→ EXERCISE
Transcribe the data exactly, omitting whatever pictures it holds.
(INPUT DATA Opens)
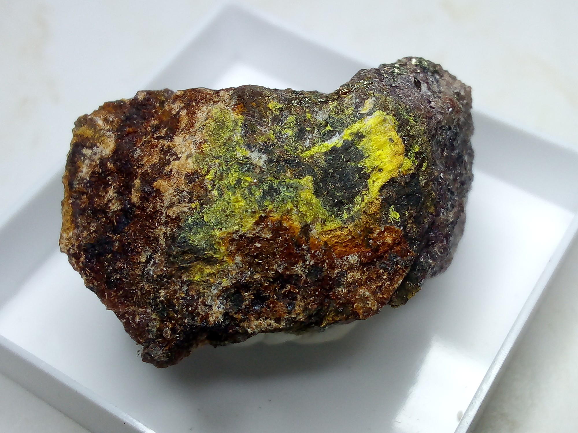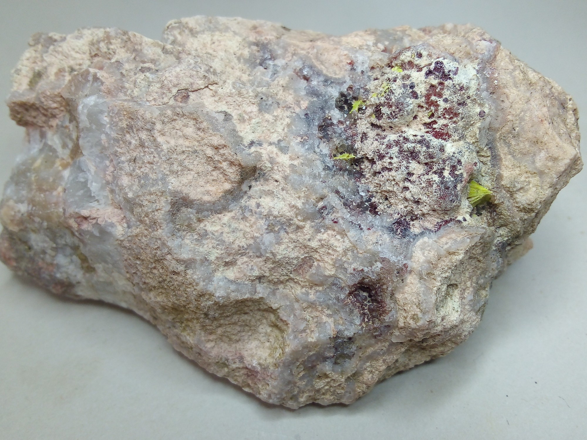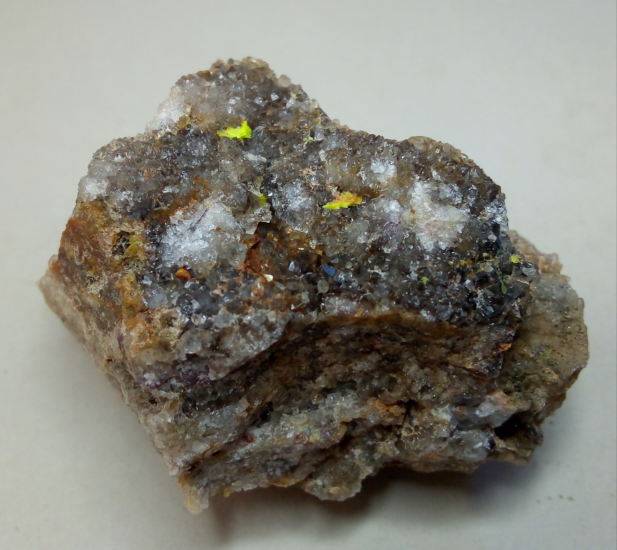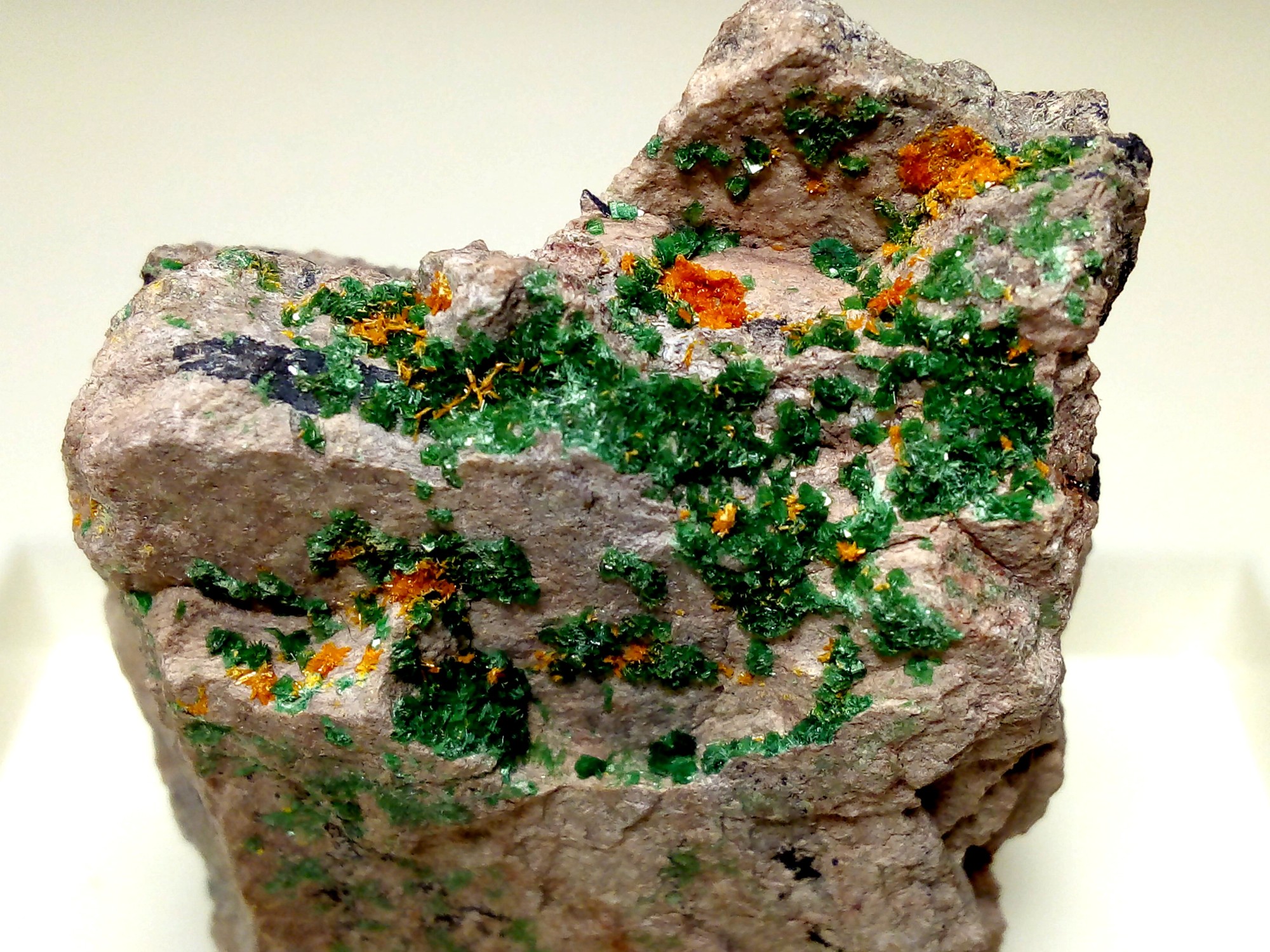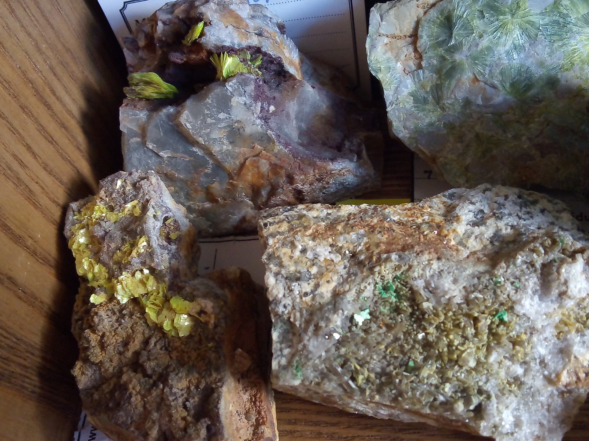 von hinten nach vorne: Autunit - CZ, Uranocircit - Streuberg, Torbernit auf Quarz - Henneberg. |
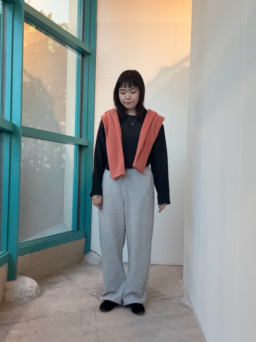 commpostのスウェットは裾が絞れるデザイン。158cmの私は、絞るとちょうどよく着れました◎
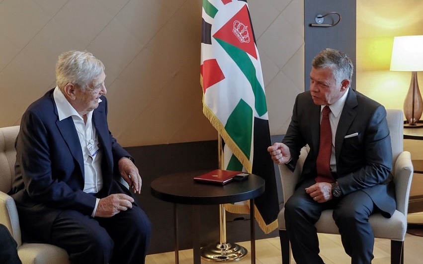 George Soros talking to King Abdullah II of Jordan at Davos, 2018. (Click to enlarge)
(INPUT DATA Closes)
→ OUTPUT BELOW
 von hinten nach vorne: Autunit - CZ, Uranocircit - Streuberg, Torbernit auf Quarz - Henneberg. |
 commpostのスウェットは裾が絞れるデザイン。158cmの私は、絞るとちょうどよく着れました◎
 George Soros talking to King Abdullah II of Jordan at Davos, 2018. (Click to enlarge)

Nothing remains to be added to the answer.